Mr. Billman’s Phantom is more romantic and seductive, less dark in feel, and contains sensitive family matters, violence (gunshots, explosions) and action. The Phantom is not over-the-top deranged as the Phantoms of the movies.

If you want a Phantom to fall for, Mr. Billman is it. The Phantom is a composite of vampire, mystery man and Superman. Every woman wants a masked mystery man, (preferably in a cape)

If you want a Christine to take under your wing because you think she’s fabulous, well, sir, Ms. Seidl’s Christine is she.

You are familiar with the Webber songs of the Broadway hit, but this Phantom delivers  fascinating new ballads and arias to charm you. The musical placed in an opera house plays like an operetta.
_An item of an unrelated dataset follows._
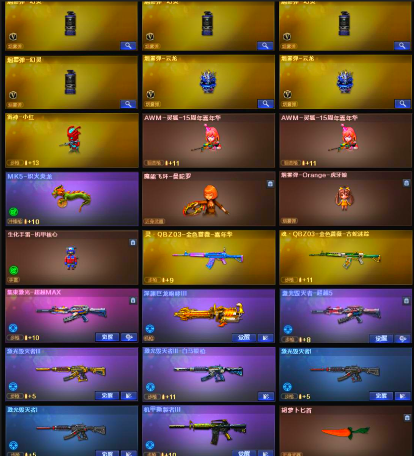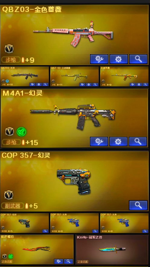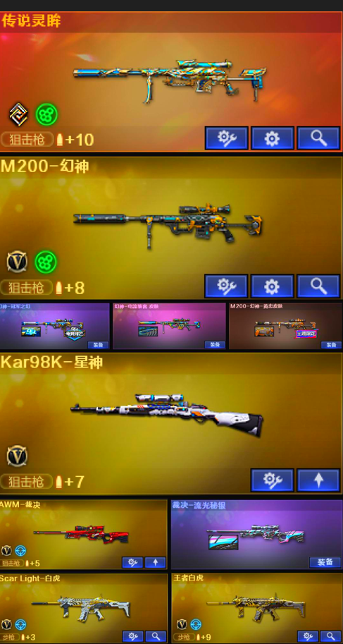 传说灵眸4防隼4防影豹4防荒漠琉璃4防关小雨4防岚兮儿6烈龙5盘龙炼狱蝴蝶刀炽火炎龙4COP幻神(冠军之幻/电流骇客)星神白虎QBZ;炽芒蝶刃,Knife-冠军之刃,隼,RPK-盘龙,QBZ03-金色蔷薇,M200-幻神,Scar Light-白虎,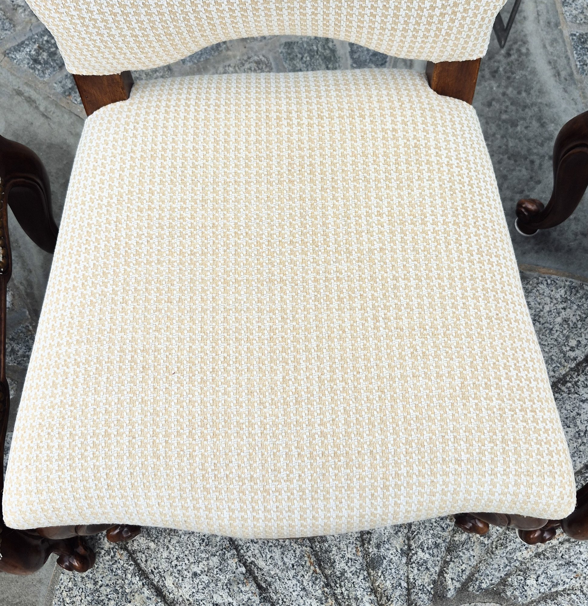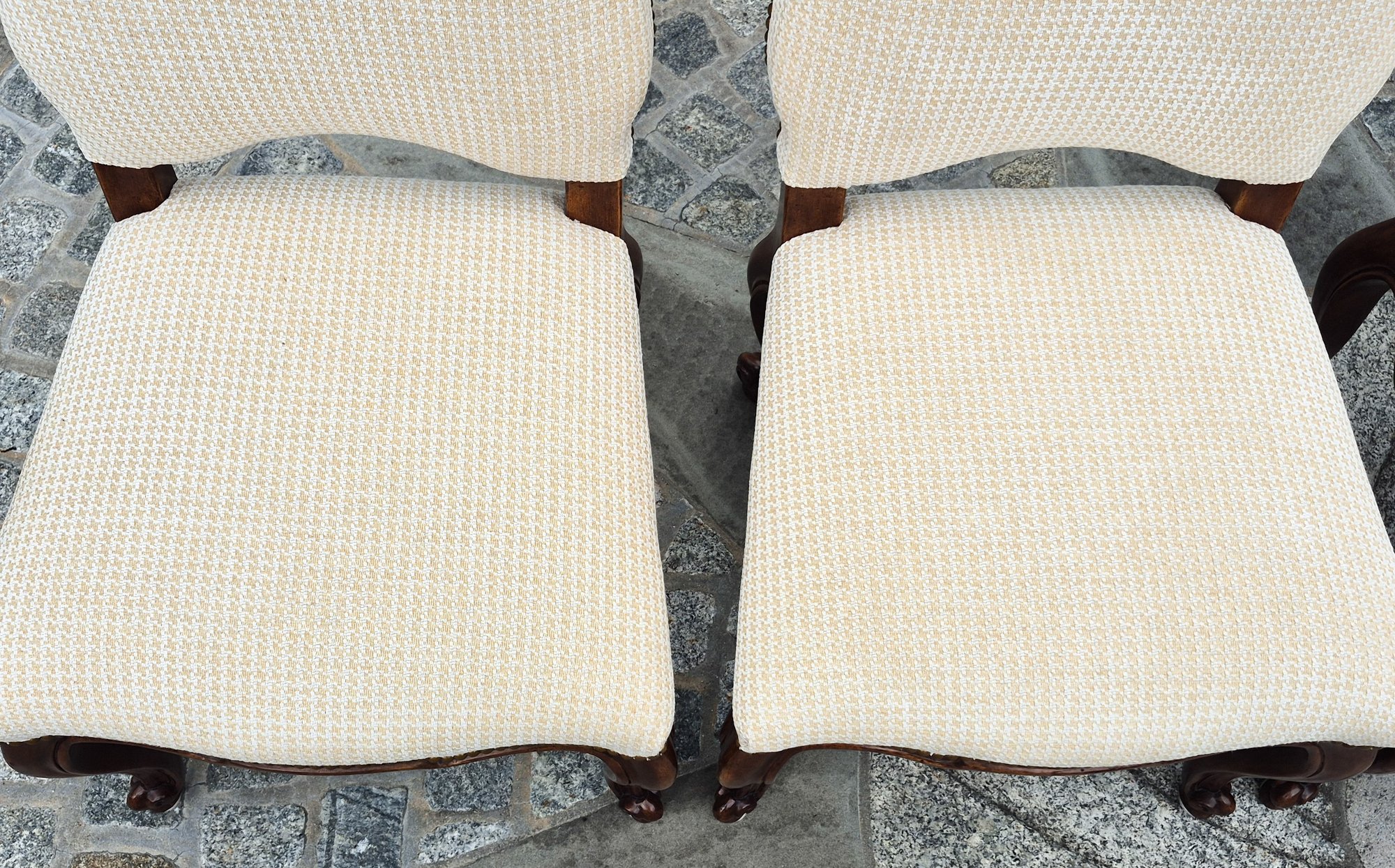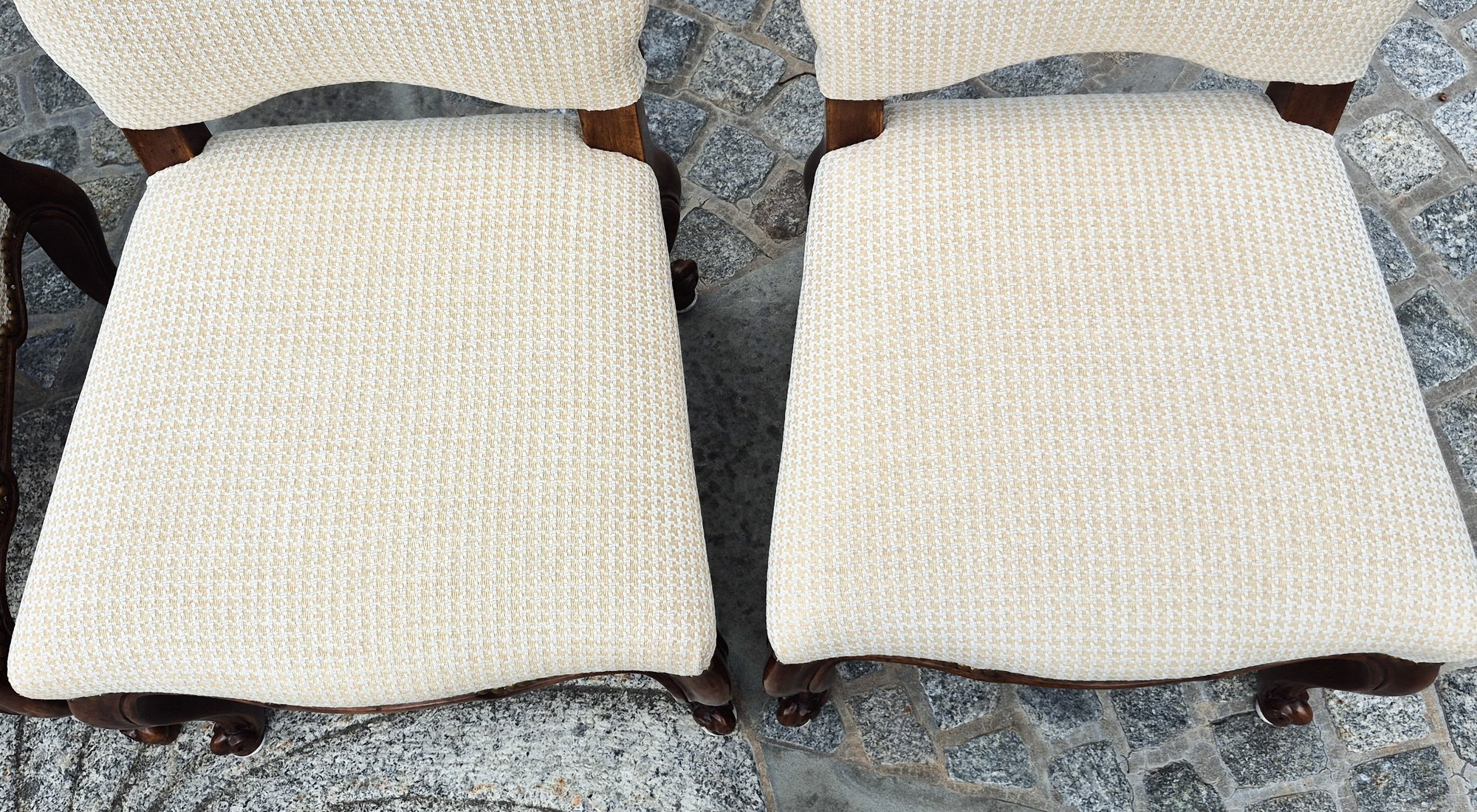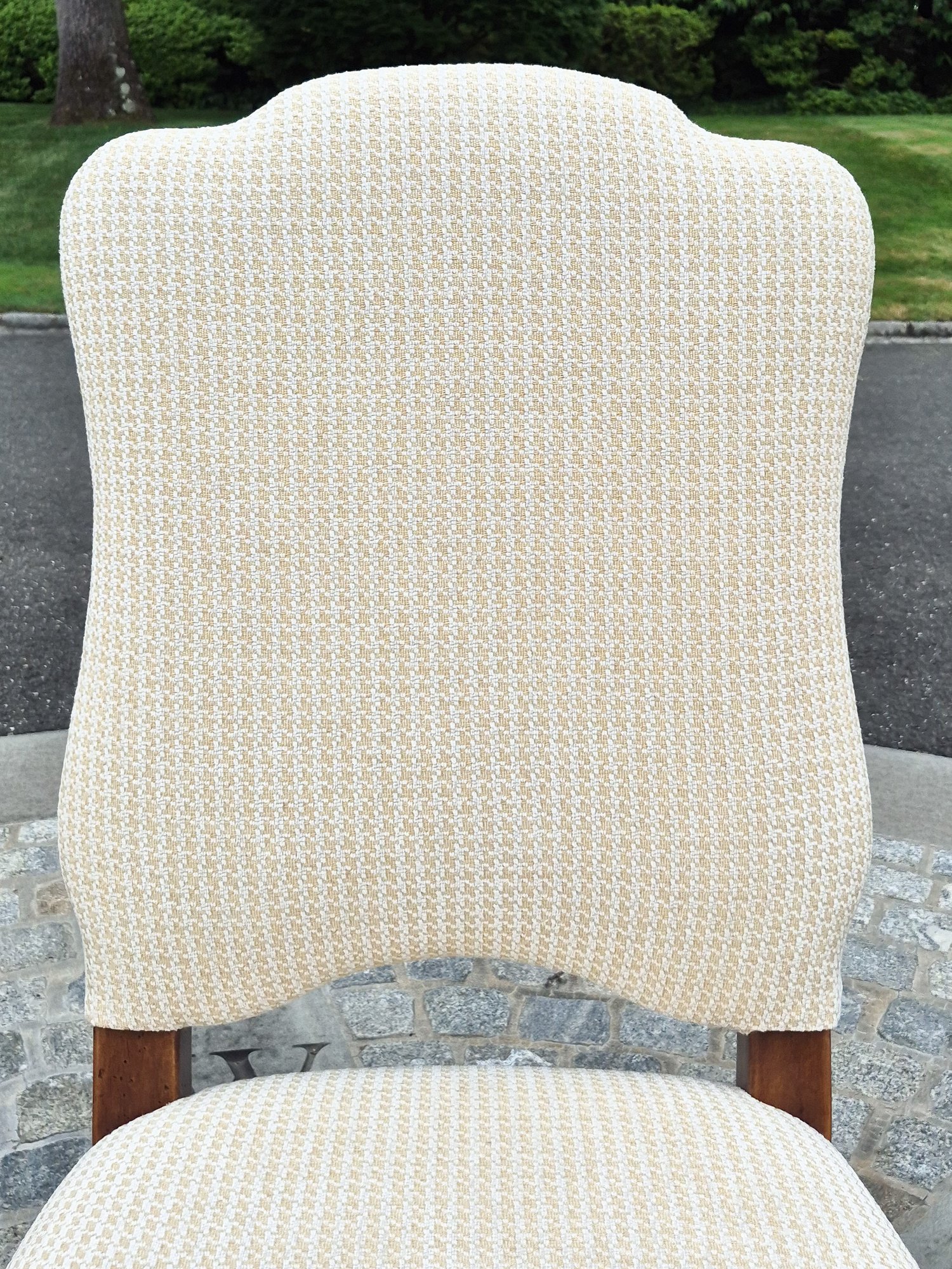 A set of ten quality 20th C. Louis XV style dining chairs by Minton-Spidell, with ivory upholstery and brass tack detail.

If you like opera and thrive on its high hysteria and over the top drama and splendid tragic endings that uplift and hold out hope, this is the stuff your dreams are made of. If you like romantic musicals with an ending building to the future, well you’re going to cry but you will want to know what the real Matthew Billman looks like under the mask. And the only way you can see that is in the Playbill.

It’s the gilded age in Paris.

Here’s the situation. Phantom begins with a “Thump Thump Thump”  of the live orchestra trending with a doom beat the ill-fated romance of an overture as Parisians stream about the streets in front of the Paris Opera.

Ms. Seidl’s  Christine is singing in the streets of Paris like so many young actors with her marvelous  Melodies de Paris and is noticed by Count Philippe, a bon vivant (Larry Luck) a patron of the opera who gives her his card to introduce her to the new opera managers.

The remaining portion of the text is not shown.